Of becoming a citizen, she said, “It’s a complex process.” She was nervous about her citizenship interview because she could be asked any 10 civics questions from a list of 100. “I had no idea what I could be asked—history of the country, names, dates, people, events,” she said.
Of the day of her citizenship ceremony, she said, “I was so looking forward to that day.” After obtaining her citizenship, Sass said, “I have mixed emotions of happiness and sadness. I have a sense of belonging to the great American nation. I am very proud to be American.” She said she also feels, “a light sadness. I know… my Russian blood stills runs in my veins. It’s part of my identity.”
Sass thanked her husband. “He supported me all the way through this process.” Sass now looks ahead to her future as a U.S. citizen. “I have a feeling of accomplishment and satisfaction and now I can look forward to working toward other goals,” she said. One of the things she anticipates is involvement in the democratic process. “I can participate fully in U.S. life. I am allowed to vote in this year’s presidential elections, and I am looking forward to doing that.”

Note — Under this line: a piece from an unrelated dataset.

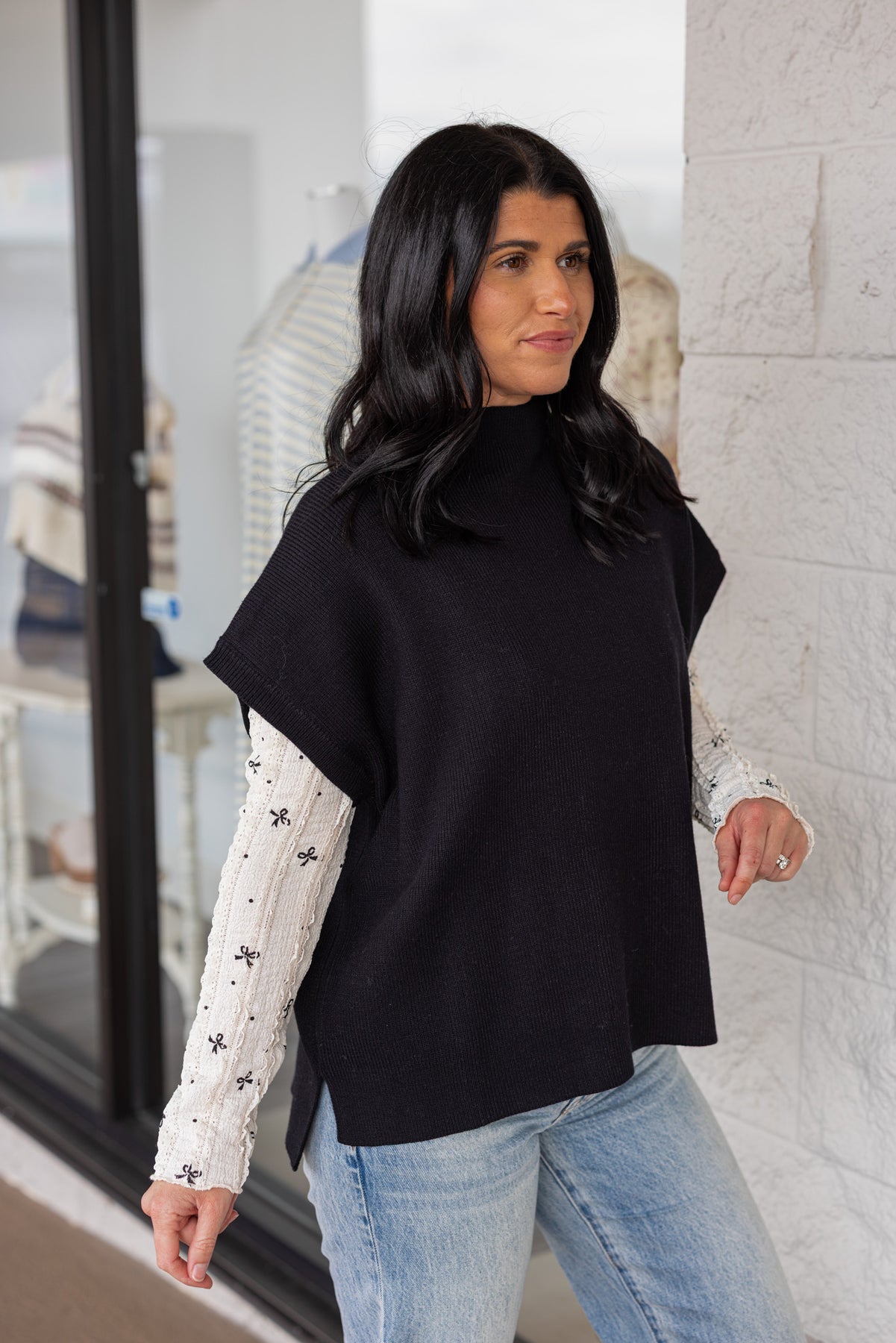 We are always happy in the Stylish Standards knit top! Show up to your fun upcoming events in this adorable black sweater. Featuring a mock neck and short dolman sleeves. Shop the look: Lace Bow Mockneck Top

PHOTO: Elena Sass with her husband at her naturalization ceremony.
Can you canoe or bake a pie?
Get your canoeing skills ready for the great Golden Paddle Outdoor Run Race 2012 on Monday, July 2. This is a fun, interdepartmental competition with a two-member team from your department. You will win the Golden Paddle and bragging rights for the year! First come-first serve. Only six entries will be accepted.